Mit dieser Rückenstärkung hat Jean-Claude Trichet gezeigt, dass er die brutale Entscheidung der Agentur Moody's vollständig ablehnt. Nebenbei wirft er der oligopolistischen Struktur der Rating-Agenturen vor, dass ihr Funktionieren 'prozyklisch' sei und die Wirtschaftstendenzen verschlimmere“, präzisiert seinerseits Les Echos.

Und zu guter Letzt: die wiederholte kategorische Ablehnung einer griechischen Schuld. Jean-Claude Trichet hat klar geäußert, dass er griechische Anleihen nicht mehr als Garantien akzeptieren würde, wenn sie angezweifelt würden.

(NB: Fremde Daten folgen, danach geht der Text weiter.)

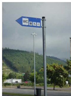
Beschilderung Seilbahn (2)

Es sind keine Informationen vorhanden, die der Orientierung dienen und aus Wörtern bestehen.

Der Leitartikler der Echos schlussfolgert:

[Trichet] macht auf diese Weise einem vor allem in Berlin populären Szenario den Garaus, den man als selektive Zahlungsunfähigkeit bezeichnen könnte. Die Rating-Agentur Standard & Poor's hat diese Idee eines vorläufigen Bankrotts Griechenlands mit begrenzten Ausmaßen aufgeworfen. (…) Es ist die Rolle Jean-Claude Trichets, diese Grenze festzulegen und durch sein Handeln schützt er das Banksystem der Eurogruppe vor einem erneuten Schock.

Die Zeitung schließt mit den Worten:

Auf kurze Sicht hilft die Rechtgläubigkeit des Präsidenten der EZB niemandem, sondern steigert nur den Druck auf die Länder, die in einer Krise stecken. Gestern erreichten die irischen und italienischen Schuldverschreibungen über 10 Jahre neue Höhen. Doch langfristig darf man hoffen, dass dies der Preis ist, den man zahlen muss, um sich aus dem derzeitigen Strudel herauszuwinden.